— PROBLEM —
Collect each line of the records containing the string "Seapath".

(Collected data)
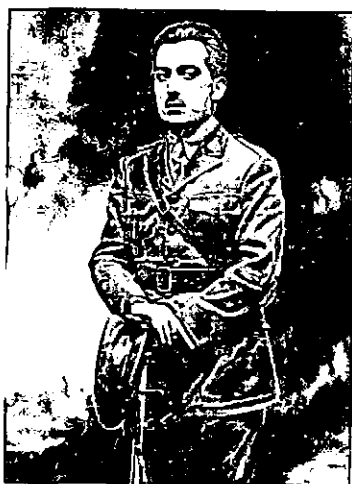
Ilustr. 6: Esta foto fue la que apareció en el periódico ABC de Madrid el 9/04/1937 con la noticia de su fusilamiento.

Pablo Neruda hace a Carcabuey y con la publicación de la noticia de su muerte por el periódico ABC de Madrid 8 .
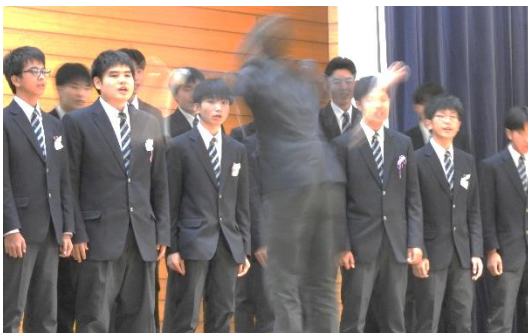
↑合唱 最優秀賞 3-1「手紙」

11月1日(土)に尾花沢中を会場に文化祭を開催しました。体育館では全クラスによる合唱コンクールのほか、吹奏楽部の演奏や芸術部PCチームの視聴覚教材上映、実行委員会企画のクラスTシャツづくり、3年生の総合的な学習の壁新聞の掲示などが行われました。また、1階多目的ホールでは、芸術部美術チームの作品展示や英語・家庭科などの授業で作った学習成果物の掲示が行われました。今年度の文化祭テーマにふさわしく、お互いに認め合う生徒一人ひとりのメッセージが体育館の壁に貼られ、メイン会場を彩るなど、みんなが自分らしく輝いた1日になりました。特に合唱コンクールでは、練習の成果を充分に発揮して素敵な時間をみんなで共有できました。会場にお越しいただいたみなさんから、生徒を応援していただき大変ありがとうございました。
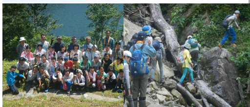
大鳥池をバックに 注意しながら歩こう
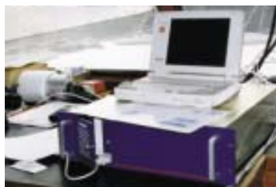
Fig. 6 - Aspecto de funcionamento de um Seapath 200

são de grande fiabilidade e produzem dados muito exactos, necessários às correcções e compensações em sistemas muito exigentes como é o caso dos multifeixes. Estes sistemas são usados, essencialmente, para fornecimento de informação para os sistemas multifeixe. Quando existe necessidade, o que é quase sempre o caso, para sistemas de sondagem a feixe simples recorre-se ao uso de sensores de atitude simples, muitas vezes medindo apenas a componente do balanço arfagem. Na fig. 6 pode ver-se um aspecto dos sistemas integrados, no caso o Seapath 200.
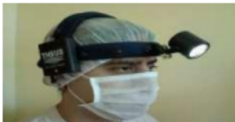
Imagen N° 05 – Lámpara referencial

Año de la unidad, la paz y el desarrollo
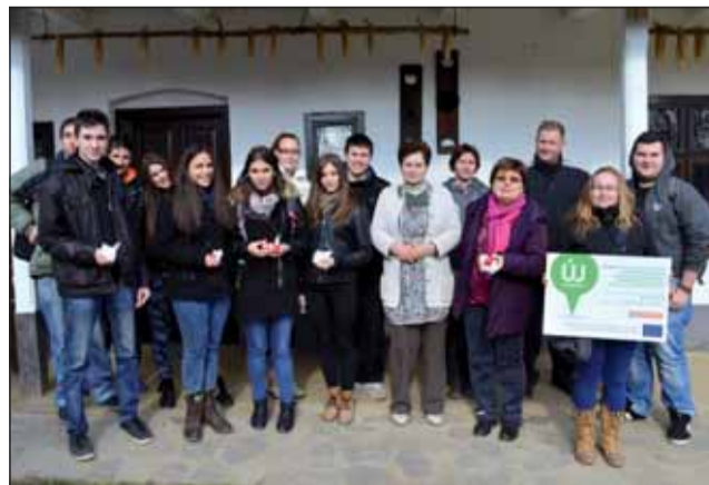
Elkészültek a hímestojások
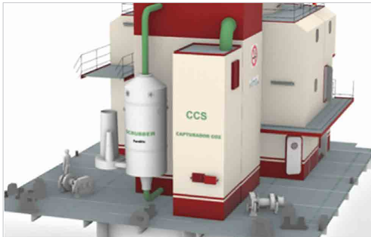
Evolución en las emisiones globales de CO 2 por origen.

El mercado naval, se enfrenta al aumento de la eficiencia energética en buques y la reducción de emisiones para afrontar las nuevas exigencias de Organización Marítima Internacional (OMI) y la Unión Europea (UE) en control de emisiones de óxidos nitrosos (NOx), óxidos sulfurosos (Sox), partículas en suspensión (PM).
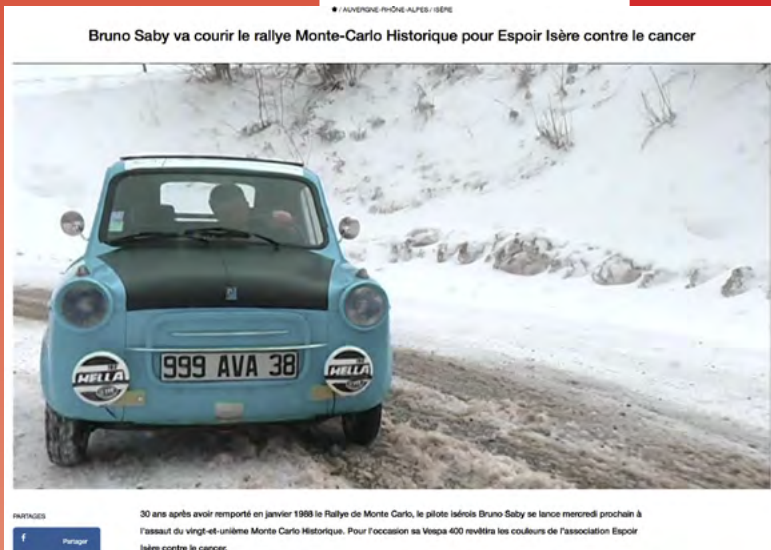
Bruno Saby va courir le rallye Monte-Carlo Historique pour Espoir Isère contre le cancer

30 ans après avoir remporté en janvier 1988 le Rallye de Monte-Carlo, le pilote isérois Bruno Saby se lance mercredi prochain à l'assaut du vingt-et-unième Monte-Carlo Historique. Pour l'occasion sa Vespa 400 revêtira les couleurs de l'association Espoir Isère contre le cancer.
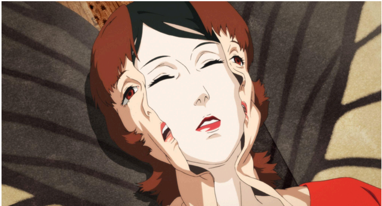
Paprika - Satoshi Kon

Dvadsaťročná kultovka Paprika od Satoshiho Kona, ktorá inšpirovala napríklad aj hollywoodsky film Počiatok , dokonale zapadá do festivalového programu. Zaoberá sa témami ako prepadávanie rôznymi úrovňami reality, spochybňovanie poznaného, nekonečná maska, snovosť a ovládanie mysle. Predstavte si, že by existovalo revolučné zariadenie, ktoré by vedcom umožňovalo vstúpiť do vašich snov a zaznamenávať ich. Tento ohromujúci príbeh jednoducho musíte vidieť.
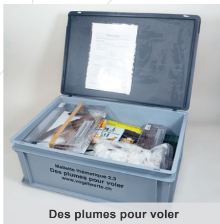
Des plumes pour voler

— WORKED SOLUTION —
Fig. 6 - Aspecto de funcionamento de um Seapath 200
são de grande fiabilidade e produzem dados muito exactos, necessários às correcções e compensações em sistemas muito exigentes como é o caso dos multifeixes. Estes sistemas são usados, essencialmente, para fornecimento de informação para os sistemas multifeixe. Quando existe necessidade, o que é quase sempre o caso, para sistemas de sondagem a feixe simples recorre-se ao uso de sensores de atitude simples, muitas vezes medindo apenas a componente do balanço arfagem. Na fig. 6 pode ver-se um aspecto dos sistemas integrados, no caso o Seapath 200.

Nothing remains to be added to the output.